** What is being asked **
Transcribe the line holding "第一步:打开熟悉的PS软件,我们把彦祖的" together with every line after it, through the end of the records, exactly and with no pictures.

Exercise materials: Begin

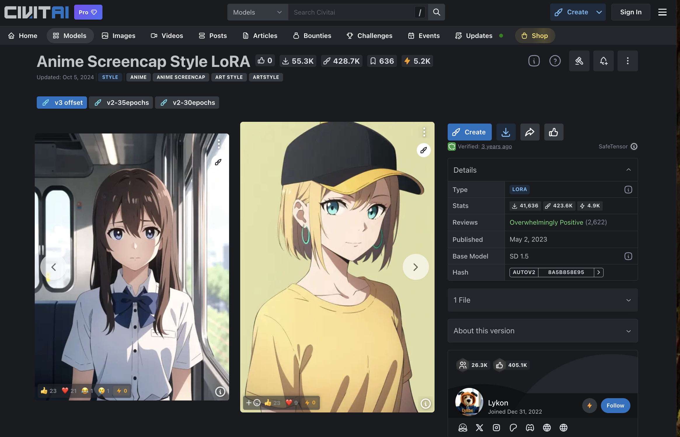 저는 아래의 anime-screencap-stype-lora 모델을 선택했습니다
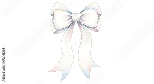 © Saba, Naklejka premium Delicate pastel ribbon bow watercolor illustration with soft gradient hues, pale pink-blue satin bow for gift wrapping and craft design, elegant decorative bow with flowing tails
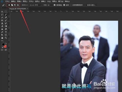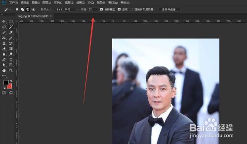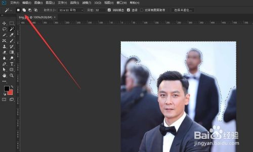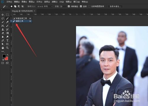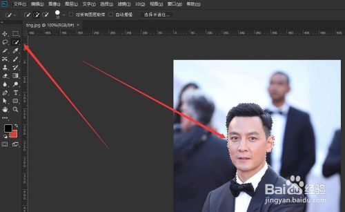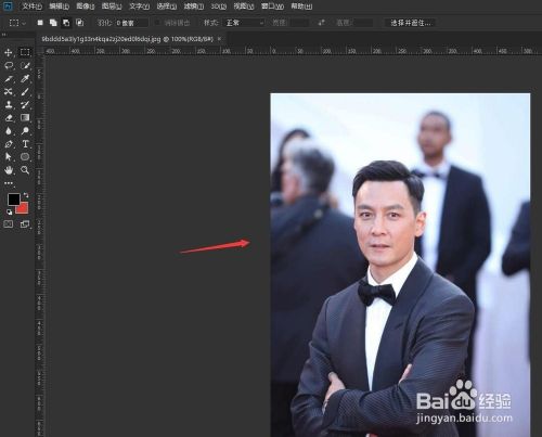 第一步:打开熟悉的PS软件,我们把彦祖的帅气西装照导入进来。男人真是越成熟越有魅力。
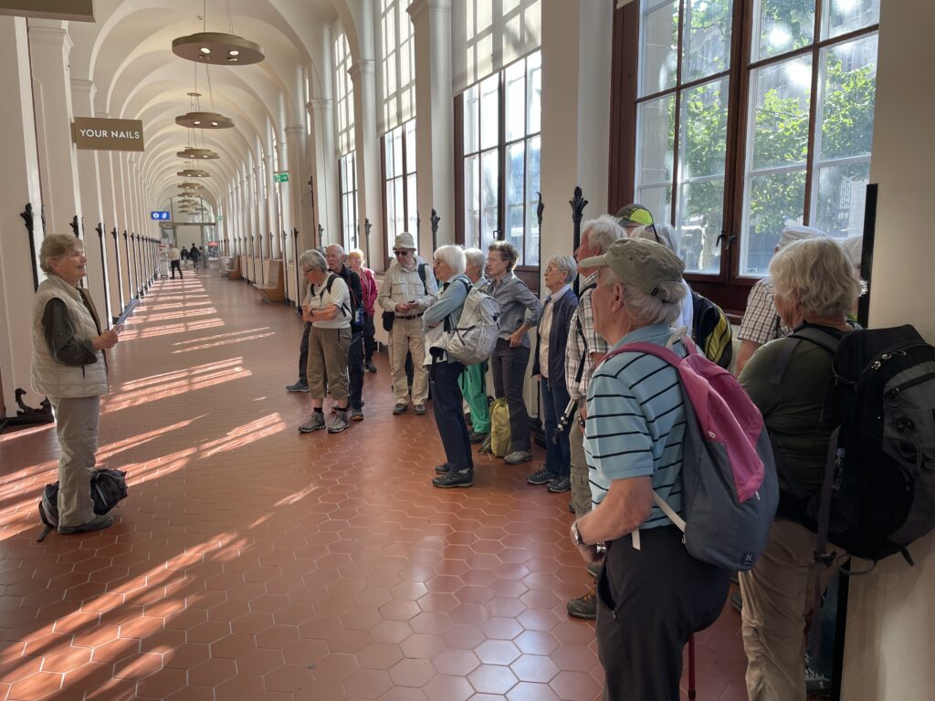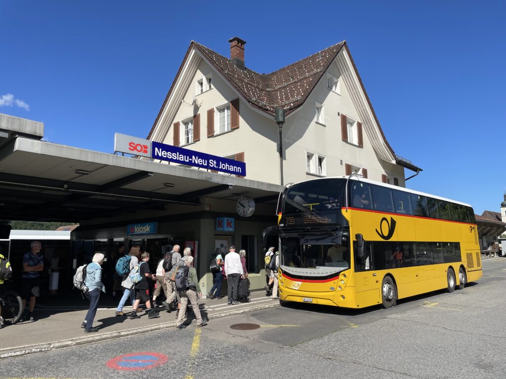 Weil das ursprünglich geplante Postauto ab Wattwil keine Gruppen transportiert, nimmt die Gruppe eine spätere Zugverbindung bis Nesslau und erst von dort den gut gefüllten Doppelstockbus Richtung Wildhaus für die letzten Kilometer nach Stein SG. Bereits im Bogengang des Bahnhofs St. Gallen erteilt das Wanderleiter-Team deshalb erste Informationen zum Ausgangspunkt der Wanderung.
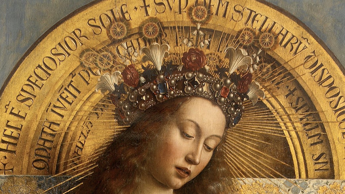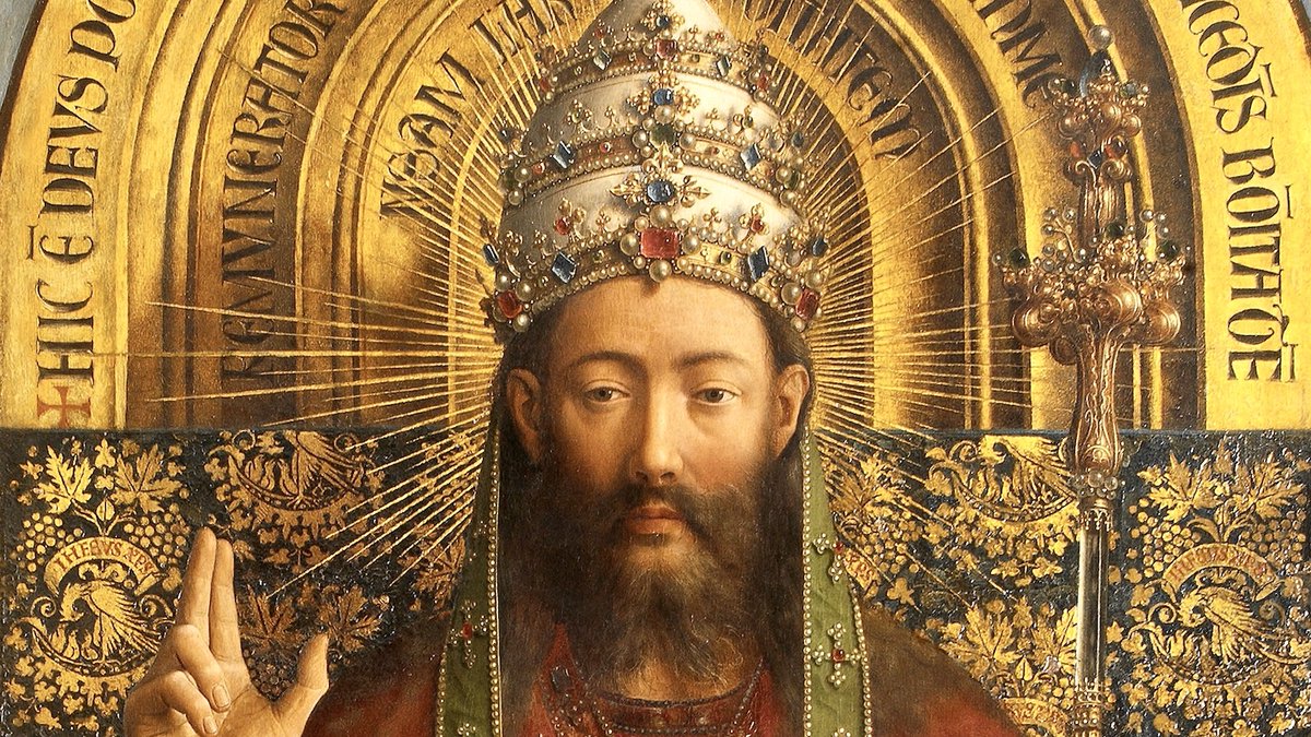 Note: nobody is sure if it's Christ or God the Father, but ambiguity is the point — Van Eyck was expressing the mystery of the Incarnation.

Exercise materials: End

** Output for this exercise **
 第一步:打开熟悉的PS软件,我们把彦祖的帅气西装照导入进来。男人真是越成熟越有魅力。
 Weil das ursprünglich geplante Postauto ab Wattwil keine Gruppen transportiert, nimmt die Gruppe eine spätere Zugverbindung bis Nesslau und erst von dort den gut gefüllten Doppelstockbus Richtung Wildhaus für die letzten Kilometer nach Stein SG. Bereits im Bogengang des Bahnhofs St. Gallen erteilt das Wanderleiter-Team deshalb erste Informationen zum Ausgangspunkt der Wanderung.
 Note: nobody is sure if it's Christ or God the Father, but ambiguity is the point — Van Eyck was expressing the mystery of the Incarnation.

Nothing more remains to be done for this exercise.